Describir un objeto es dificilísimo –y mucho más para nuestra época: hallamos cualquier imagen con un par de clics. (De paso, me pregunto si este desuso nuestro de la descripción no yace en el origen de las actitudes de post-verdad). Aquel famoso hueso intermaxilar estaba descrito en la anatomía de los elefantes, vacas, babirusas, leones y monos. Quienes negaban la existencia del os intermaxillare humano (y aducían la ausencia como indicio teológico) repetían las fórmulas del famoso anatomista Camper: ahí reside la diferencia original entre monos y hombres. Goethe los critica: “la experiencia me ha enseñado que de tanto repetir las mismas frases, acaban éstas por osificarse en convicción y embotar completamente los órganos intuitivos.”

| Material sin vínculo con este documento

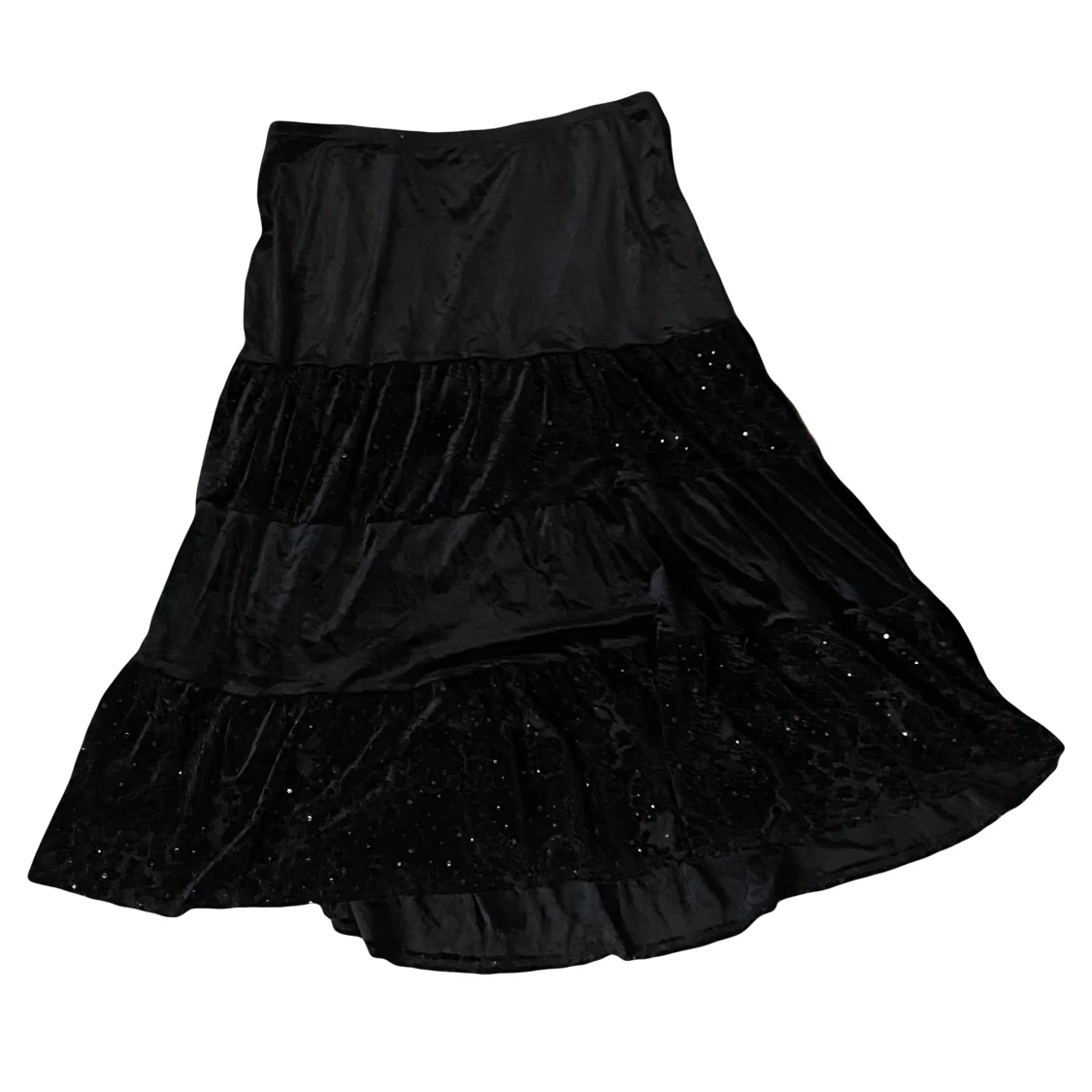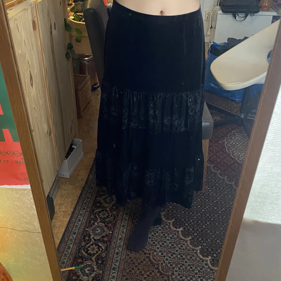 Fin svart kjol med lite paljetter. Min storlek är M men jag brukar säkerhetsnåla midjan så om man har en mindre storlek så kan man få det att funka. Kontakta mig om det finns frågor. Tar betalt via swish <3

Goethe halló su hueso, merced a una forma de la intuición que lo acompaña, dice, siempre: el principio de la polaridad (la materia, en tanto tal, se atrae y se repele continuamente) y la voluntad natural (la materia considerada espiritualmente) de crecimiento. Por eso se le considera evolucionista avant la lettre. Los científicos estaban ya obligados a ofrecer descripciones legibles. Goethe aporta (y no es el único) una gran capacidad narrativa. Si sumamos la descripción precisa con la buena prosa y, encima, la calidad narrativa, la intuición de forma y materia queda preñada por el tiempo. La teoría de la evolución no solamente fue el triunfo de la ciencia: también fue el triunfo de la narrativa.